Babies begin showing racial bias at 6 months old, studies find

TORONTO — How early in life does a person begin to show preference towards or bias against a specific race? Two new studies show that babies as young as six months demonstrate racial bias, though the reason why may not be as surprising as the finding.

Professor Kang Lee at the University of Toronto led both research teams, discovering that infants from 6- to 9-months-old favor people from their own race, while showing bias against others. Less exposure to people of other ethnicities is viewed as the cause.

“The results show that race-based bias already exists around the second half of a child’s first year,” says Lee, a Canada Research Chair in moral development and developmental neuroscience, in a university news release. “This challenges the popular view that race-based bias first emerges only during the preschool years.”
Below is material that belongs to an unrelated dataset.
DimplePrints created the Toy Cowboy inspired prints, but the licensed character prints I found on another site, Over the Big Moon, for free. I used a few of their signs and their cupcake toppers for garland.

Baby playing with computer
Two new studies show that children begin to show racial bias towards others when they’re just 6 to 9 months old.
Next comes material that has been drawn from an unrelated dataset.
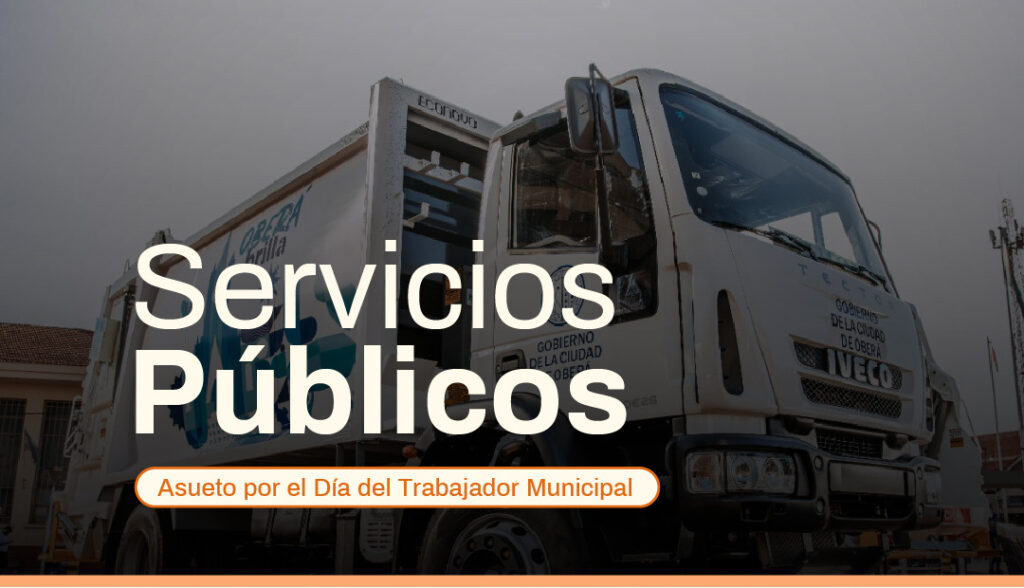 Desde el Gobierno de la Ciudad de Oberá, informan sobre los servicios que no se brindarán el viernes 7 de noviembre, en el marco del asueto administrativo por ser el Día del Trabajador Municipal. No habrá servicio de:

In the first experiment, 193 Chinese babies from three to nine months old were shown various pictures of faces — some of their own race and some of other races — accompanied by either uplifting or sad music. The 9-month-old infants were found to look at the images of people from their own race longer when accompanied by happy music than when paired with sad music. They also showed little preference for images of people from other races when paired with the happier music.

Lee and the team determined that the babies showed a clear association with faces of their own race and uplifting music, and vice versa for those of other races.
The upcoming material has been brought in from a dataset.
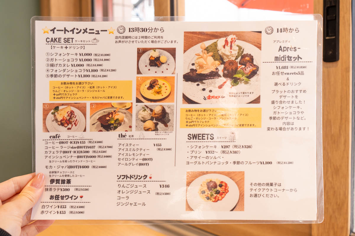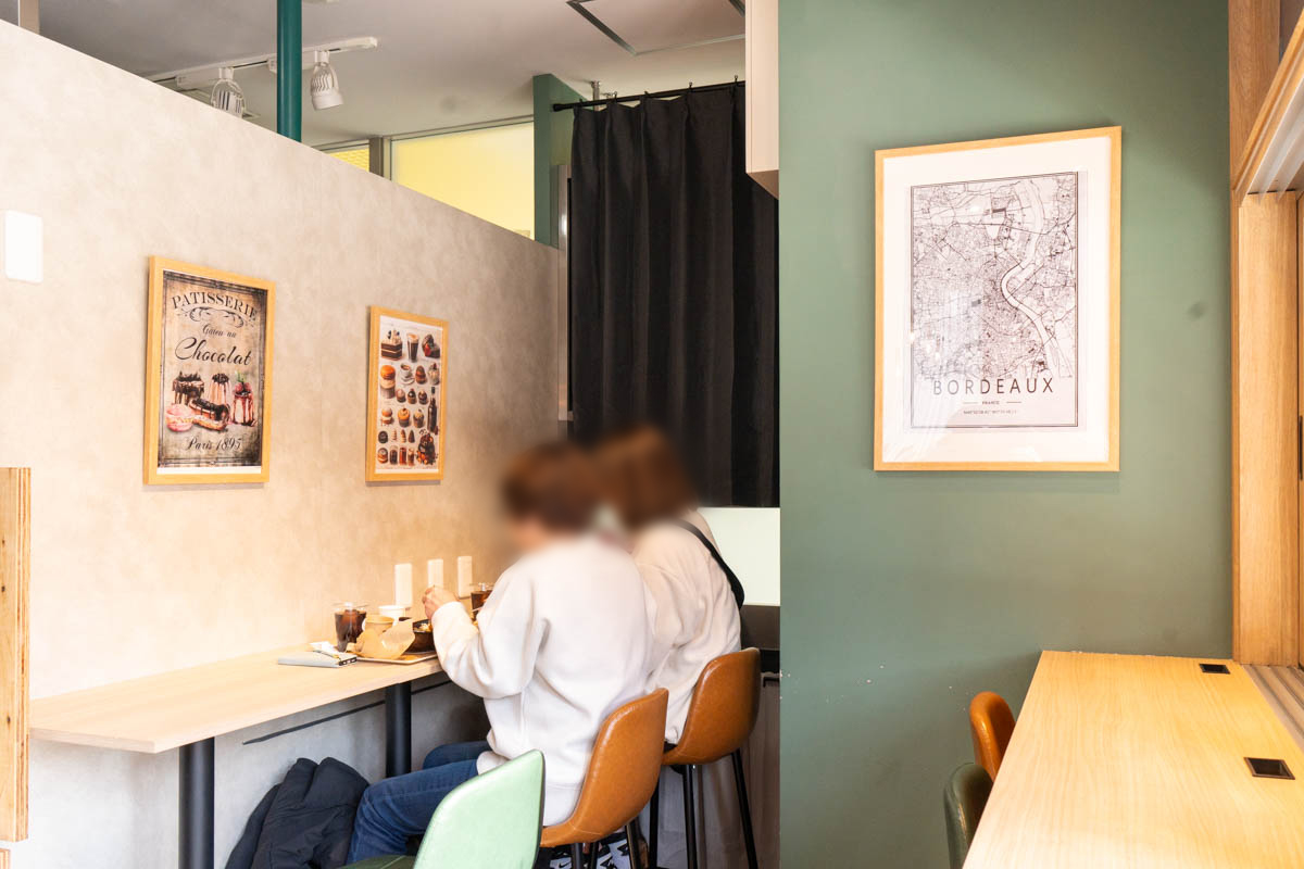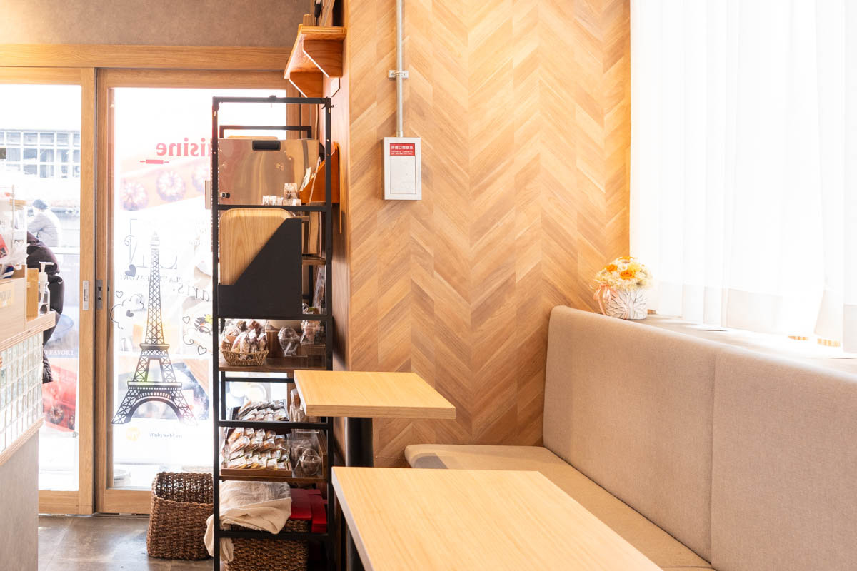 カウンター席やソファ席、外にテラス席もあります。テイクアウトの洋菓子もたくさん置かれていました。

The infants younger than 9-months-old did not demonstrate any preference.

In the second study, 32 Chinese babies between six and eight-and-a-half months old took part in three different experiments to see if they showed a preference towards race when it came to learning or trusting information from different adults. The “information,” such as an adult of the same or different race gazing at a location where an animal would appear, centered around the adults telegraphing something about to happen by looking in that direction.

Again, the researchers determined that the infants “are biased to follow the social cues of own-race individuals over other-race adults under situations of uncertainty,” according to the report.

“These findings thus point to the possibility that racial bias may arise out of our lack of exposure to other-race individuals in infancy,” says Lee. “If we can pinpoint the starting point of racial bias, which we may have done here, we can start to find ways to prevent racial biases from happening.”

The researchers argue that the studies shed new light on societal beliefs that racial bias stems from specific events in an individual’s life or through learned stereotypes.

“When we consider why someone has a racial bias, we often think of negative experiences he or she may have had with other-race individuals. But these findings suggest that a race-based bias emerges without experience with other-race individuals,” says Naiqi (Gabriel) Xiao, who also led research for the two studies and now is a postdoctoral researcher at Princeton University.

Lee adds that the studies can also help parents understand how they influence the way their children think or their beliefs about others. In effect, they can also help their children erase biased thinking.

“It’s very important to study where these kinds of biases come from and use that information to try and prevent racial biases from developing,” he says.

The first study was published in the journal Developmental Science. The second was published in the journal Child Development.